Tuesday, December 20, 2005

Favorite Books of 2005


Magic for Beginners
I can't quite describe these stories in any meaningful way, can't put a label on them or compare them to anything else I've ever read, except to say that I adore them. I read an interview recently where Kelly Link said she would like to write a novel. Not that I will not welcome more short fiction from her with open arms, but I am practically salivating at the thought of a sustained narrative on one of her rollicking ideas.



Fevre Dream

My favorite George Martin book of 2005 was one he wrote nearly 25 years ago. There are so many stories that take two disparate ideas, settings or tropes and juxtapose them, some good (like Bill Willingham's Fables comic and some of Charles de Lint's work) and some not so much. Here we have vampires (a reliable horror/fantasy trope) on steamboats in the antebellum South. Great stuff.

The Last Kingdom
Bernard Cornwell + Saxons + major historical/epic figure = good book. Cornwell proved as much with his Arthur series. Here he takes on actual history, rather than inventing it, in Alfred the Great. Surprisingly little here about battles, which is unusual given Cornwell's exhaustive descriptions of battle in both his Sharpe, Starbuck and Arthur series.

DisneyWar
An oddly dispassionate but compelling look at Michael Eisner's descent from Disney's savior and innovator to megalomaniacal incompetence. I typically care very little for these blow-by-blow accounts of corporate history, but I could not put this down.

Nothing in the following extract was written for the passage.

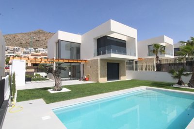 Embracing an exceptional setting, the villas for sale in Alicante are ensconced in an exclusive, peaceful, and secure enclave. Positioned upon an elevated terrain, each villa enjoys captivating vistas of the azure sea and optimal orientation that maximizes sunlight exposure. A mere 5-minute journey from the available villas unveils a sprawling shopping center, catering to every retail desire with an array of shops and supermarkets. Similarly convenient is the proximity to a well-connected bus station, while a short additional drive leads to the city of skyscrapers, none other than Benidorm. Here, a dazzling cityscape awaits, complemented by year-round events, an assortment of theme parks such as Terra Mitica, and a comprehensive suite of essential amenities including schools and medical centers.
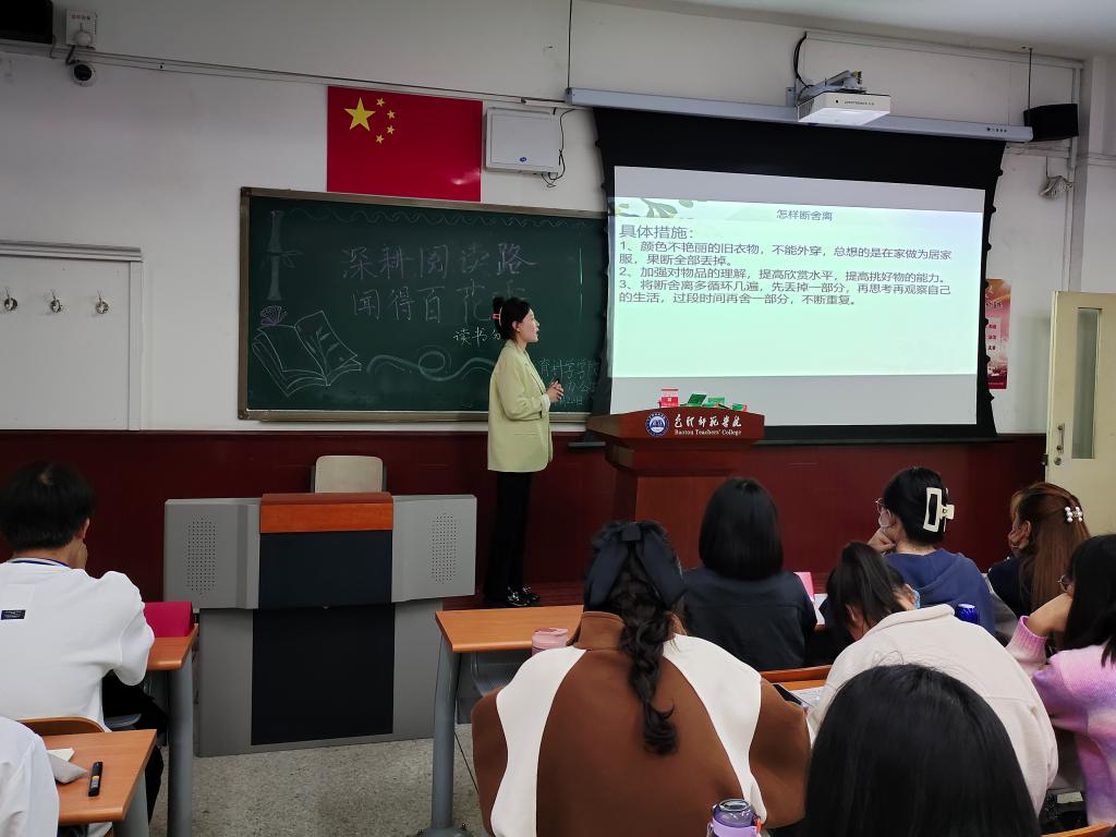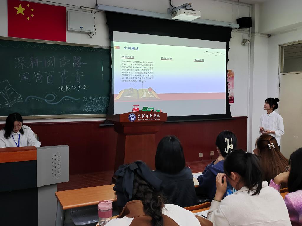 4月23日是世界读书日,为激发同学们的阅读热情,提升同学们的阅读能力,鼓励同学们养成爱读书、读好书、善读书的习惯,营造良好的阅读氛围,教育科学学院于4月20日晚7点在博西103举办“深耕阅读路,闻得百花香”读书分享会。

Ortho's Complete Guide to Roses
Much better than any of the other introductory books on roses--and I should know because I read damn near all of them this year. (How can you have a book on roses without color photographs?) Planting, care, fertilizing, choosing, breeding and landscaping with roses are all covered in concise detail.

The Queen's Man
Sharon Kay Penman's When Christ And His Saints Slept was a delight (if you can tolerate the constantly shifting points of view). In The Queen's Man, she continues to examine Eleanor and her progeny, but this time through the eyes of Justin de Quincy, a bishop's bastard. History and mystery all wrapped up together in a neat package.

Monday, December 19, 2005

15 Things About Me and Books

1. I cannot throw books away or otherwise mutilate them. I don't even like to write in my books. I must confess though that I hated memorizing Julius Caesar so much in high school that I used my copy as a coaster for two years.

2. I never break the spine on a paperback, and I will pick through hardcover editions in the bookstore until I find one with a pristine jacket. Along this same line, I was miffed when they changed the cover design of YBF&H this year because now it doesn't go with all of the others on the shelf.

3. I grew up in a library. My father still checks out eight books at a time from the library. My mother is the queen of series reading (mystery, romance, Harry Potter, Jan Karon, you name it). My father saved nearly every textbook he ever had. They crammed three seven-foot-tall bookcases with their books, including books stuffed behind the front rank on the shelf and then books stacked atop those. In addition to all of the fiction we had, my parents had also created a veritable reference library: the Durants' History of Civilization was there, a Time Life library of great museums, bible commentary, poetry, histories of Britain and France, histories of Kentucky, biographies of FDR, the Duke of Windsor and Bevery Sills all spring to mind.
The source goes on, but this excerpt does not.